Fault Code 1:38 - Linux Software Raid Alert

Fault Code Description

The Raid disk supervision program has received an alert that the Linux Software Raid system needs attention.

Note:

All raid management requires root authority .

Schematic layout

The Linux software RAID system is made up by two disks, normally named sda and sdb. Each disk has two partitions, sda1 and sda2, and sdb1 and sdb2, respectively.

The RAID partition md0 is made up by sda1 and sdb1. The RAID partition md1 is made up by sda2 and sdb2.

Figure 1. Schematic RAID layout

Check status of Software Raid

Key command mdadm -D /dev/md<X> or
Figure 2. Printout from command mdadm -D /dev/md1 when RAID is OK. Both discs are available.
Figure 3. Printout from command mdadm -D /dev/md1 when RAID is NOK. Only one disc is available.
Use comman d cat /proc/mdstat
Figure 4. Printout from command cat /proc/mdstat when RAID is OK.
Figure 5. Printout from command cat /proc/mdstat when new disk is initiated, recovery ongoing.

Measure

  1. Remove the two partitions of the failing disk from the Raid configuration.

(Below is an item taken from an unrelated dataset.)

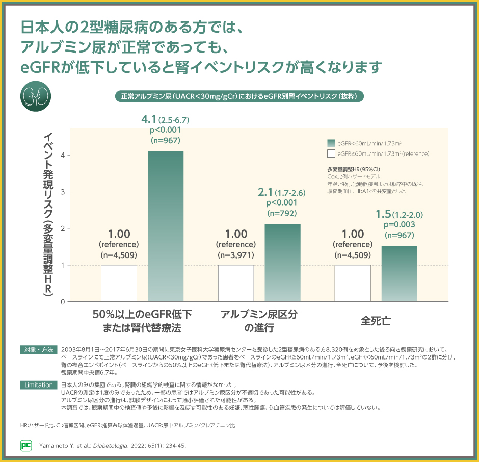 日本人の2型糖尿病があり、正常アルブミン尿(UACR<30mg/gCr)である方を対象にした国内の後ろ向き観察研究では、eGFR 60mL/min/1.73m2未満の場合、eGFR 60mL/min/1.73m2以上の場合と比べて、ベースラインからの50%以上のeGFR低下または腎代替療法の発現リスクが4.1倍、アルブミン尿区分の進行リスクが2.1倍、全死亡リスクが1.5倍になることが示されました(順にp<0.001、p<0.001、p=0.003いずれもCox比例ハザードモデル)。

    Take the following two commands, where {broken_drive} is either sda or sdb.

    >mdadm --manage /dev/md0 --fail /dev/{broken_drive}1 \ --remove /dev/{broken_drive}1

    >mdadm --manage /dev/md1 --fail /dev/{broken_drive}2 \ --remove /dev/{broken_drive}2

    Note:

    If the /dev/{broken_drive}X already has been removed, the command will fail. Continue with step 2.

  2. It is important that the system must be shut down before the faulty drive is physically replaced with a replacement drive, i. e. hot-swap is not recommended.

    The new disk should be of the same model and the same size as (or larger than) the one remaining drive (healthy one) in the system.

    Reboot the system. Normally the system will boot from the healthy disk in either drive 0 (drive 1 being replaced) or drive 1 (drive 0 being replaced.

    Note:

    If, for any reason, there is message indicating no boot disk found or there is no action shown on the monitor, reboot the system and press <F7>to enter the manual boot option in the BIOS. Choose the one to boot. Drive number is indicated ad P0 (drive 0) or P1 (drive1).

  3. Check which drive letter that was assigned to the disk. Check the content of /var/log/messages. (The disk could, for example, get drive letter c, to be sdc).
  4. Prepare the new drive to get the same partitioning as the one in use.

    >sfdisk -d /dev/{good_drive} | sfdisk /dev/{new_drive} --Linux

  5. Add the new disk to the RAID configuration.
    Note:

    Adding new disk to the RAID configuration is very disc intensive activity and therefore should run at low traffic times.

    >mdadm --manage /dev/md0 --add /dev/{new_drive}1

    >mdadm --manage /dev/md1 --add /dev/{new_drive}2

  6. Wait until the new disk has been mirrored (raid synchronized) from the operational disk.

    >cat /proc/mdstat

    Wait until the disk is 100% synchronized.

    Note:

    If the result is a failed spare, it is removed after a reboot of the server. Continue with step 7.

  7. Make the new drive bootable and run the following command.

    >/usr/sbin/grub2-install /dev/{new_drive}

  8. Enter the command alarm to erase (reset) alarms in the alarm log.

    Clear the alarms.